Stan Math Library
4.9.0
Automatic Differentiation
|
Returns the maximum of the two variable arguments (C99).
No new variable implementations are created, with this function defined as if by
fmax(a, b) = a
if a's value is greater than b's, and .
fmax(a, b) = b
if b's value is greater than or equal to a's.

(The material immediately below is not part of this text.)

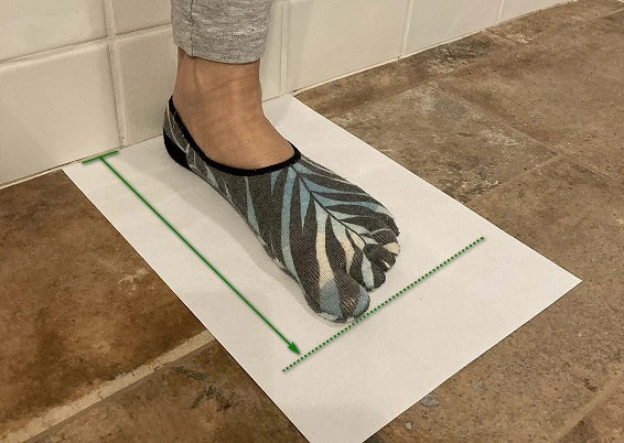 Tegn en linje for at markere enden af den længste del af foden, dvs. den længste tå. Mål afstanden. afstanden mellem papirets kant og det markerede punkt. På denne måde får du længden af din fod. Gentag trinnene med den anden fod.

\[ \mbox{fmax}(x, y) = \begin{cases} x & \mbox{if } x \geq y \\ y & \mbox{if } x < y \\[6pt] x & \mbox{if } -\infty\leq x\leq \infty, y = \textrm{NaN}\\ y & \mbox{if } -\infty\leq y\leq \infty, x = \textrm{NaN}\\ \textrm{NaN} & \mbox{if } x, y = \textrm{NaN} \end{cases} \]
\[ \frac{\partial\, \mbox{fmax}(x, y)}{\partial x} = \begin{cases} 1 & \mbox{if } x \geq y \\ 0 & \mbox{if } x < y \\[6pt] 1 & \mbox{if } -\infty\leq x\leq \infty, y = \textrm{NaN}\\ 0 & \mbox{if } -\infty\leq y\leq \infty, x = \textrm{NaN}\\ \textrm{NaN} & \mbox{if } x, y = \textrm{NaN} \end{cases} \]
\[ \frac{\partial\, \mbox{fmax}(x, y)}{\partial y} = \begin{cases} 0 & \mbox{if } x \geq y \\ 1 & \mbox{if } x < y \\[6pt] 0 & \mbox{if } -\infty\leq x\leq \infty, y = \textrm{NaN}\\ 1 & \mbox{if } -\infty\leq y\leq \infty, x = \textrm{NaN}\\ \textrm{NaN} & \mbox{if } x, y = \textrm{NaN} \end{cases} \]
a | First variable. |
b | Second variable. |